Rebecca Gibson, a partner at Oakley Capital Private Equity, said during a Bloomberg interview the private equity industry is booming from greater demand among investors, especially major pension funds.
Where Demand Comes From
One recent example of a pension fund shifting focus to private equity is the California State Teachers’ Retirement System. The group made the decision in early February to invest more money in private equity, real estate, and other similar inflation-sensitive real assets. The pension fund is simultaneously decreasing its exposure to the public equities market
Gibson added in the Bloomberg interview there is “significant capital” flowing into other alternative investment tools. For example, private debt has grown over 300% over the years and investors are also piling into infrastructure-focused investment tools.

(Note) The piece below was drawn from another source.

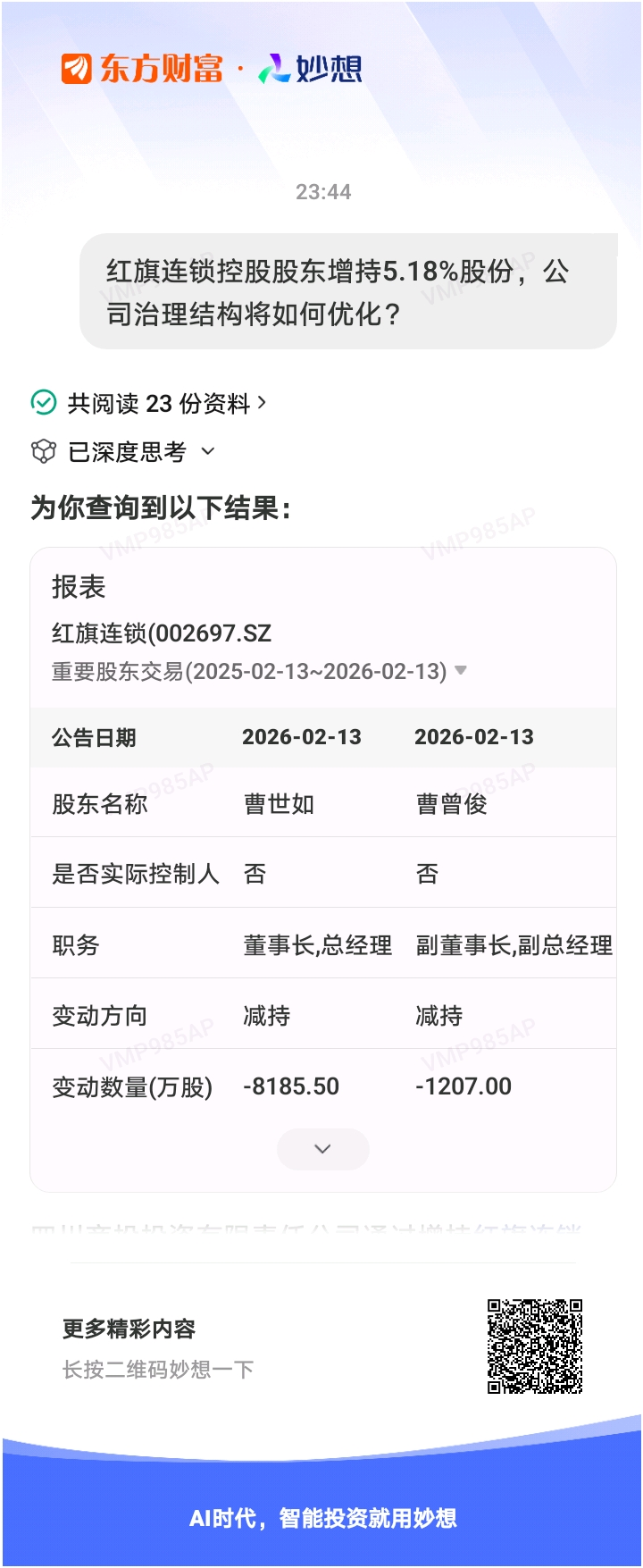 #@妙想,你怎么看?# 妙想一下:红旗连锁控股股东增持5.18%股份,公司治理结构将如何优化?

“That creates a sentiment that there is an increasing flow of capital into private equity but it is actually across broader asset classes,” she said.
What To Do With The Cash
Growing investor demand for alternative asset classes has created a scenario where fund managers may struggle to allocate all of the new cash into investments. But, private equities that are flush with new capital could partake in new deal flows of record size, according to Gibson.
For example, Dow Jones component and retail pharmacy giant Boots Walgreens was rumored to be in talks to sell itself to a private equity buyer. The company’s valuation when the rumors surfaced in late 2019 stood north of $50 billion.
In prior years a deal of this size wouldn’t be possible, but with record inflow, a deal in which a private equity firm teams up with co-investors and acquires Boots Walgreens for $70 billion is now possible.
No Shortage Of Supply
According to Gibson, there is no shortage of entrepreneurs and founders looking for their first exposure to institutional capital. Countries like Germany and Switzerland continue to attract compelling businesses that are ripe for investments so they can scale in size.
No interview is complete these days without touching on the coronavirus. Gibson said the private equity community can’t afford to be “complacent” but the virus factors differently based on sectors or geographies.
Also, private equity managers are known for looking at least three to five years out so fund managers can afford to sit back and wait for any clarity before making any investment decision.
“What we focus on doing is really making sure that we understand the risks in our portfolio companies but not making any short-term panic decisions,” she concluded.